Her eyes widened, but not with fear. “Close to here.”
Aster couldn’t stop himself — his worry leapt ahead of his logic. Without conscious intent, he grabbed his daughter’s shoulders and shook her. “Laisvė, how many times do we have to have this conversation? You cannot steal things! Ever. Is this from the shop across the street?” His voice crescendoed and thinned. “Listen to me — this is serious. It’s dangerous. That man could turn us in! He is not your friend. We cannot trust anyone. Ever. There could be a Raid at any moment and we could be on their damn lists. I don’t even know where they would send us anymore. We have no identities, no home, nothing to tie us to anywhere…. I’ve told you a hundred times you cannot steal things.
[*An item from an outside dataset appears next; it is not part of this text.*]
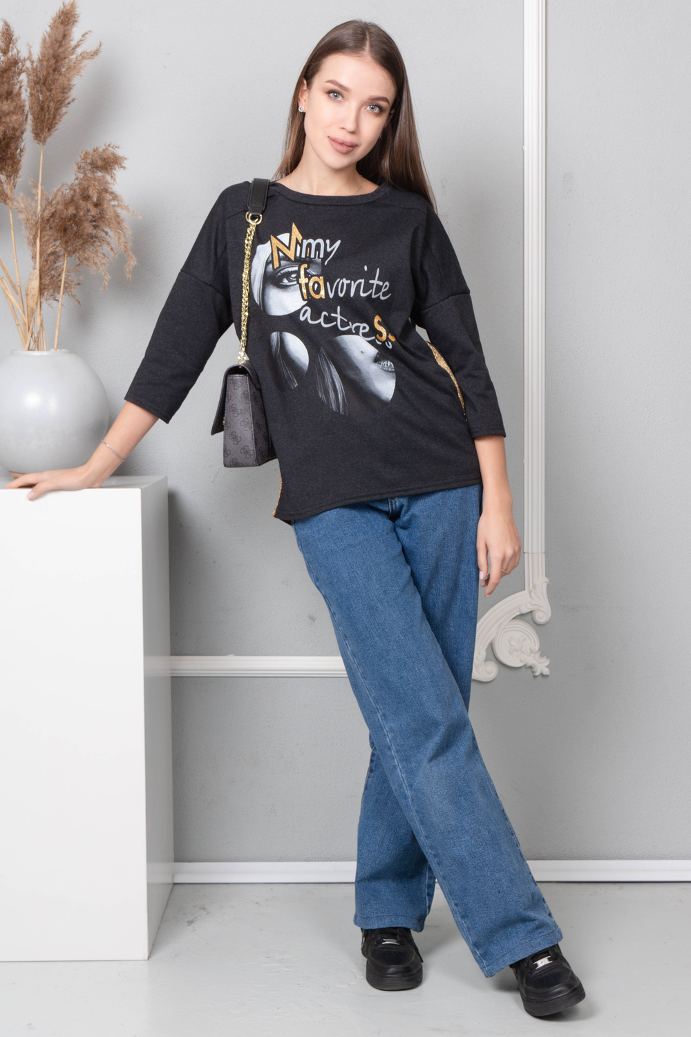 Джемпер из футера с лайкрой, круглая горловина обработана обтачкой, спущенная пройма, рукав 3/4. На спинке кокетка, низ спинки слегка удлинён и закруглён. Стильный принт и лампасы по боковым швам придают джемперу некую изюминку. Тёплый, комфортный джемпер для девушек любой фигуры и возраста

Not ever again. Or—” His voice fissured with terror, rising in tone and pitch until it was almost like a mother’s. In his mind, a familiar storm took shape: Have they seen her? This daughter who sometimes roams the neighborhood unsupervised, this daughter whose curiosity is as untamable as her tangled hair?
“I didn’t get it from the shop! I didn’t steal it!” Laisvė stomped over to the map on the wall and jabbed her small finger on the fading blue part, the part that was not land. “I got it here. The water.”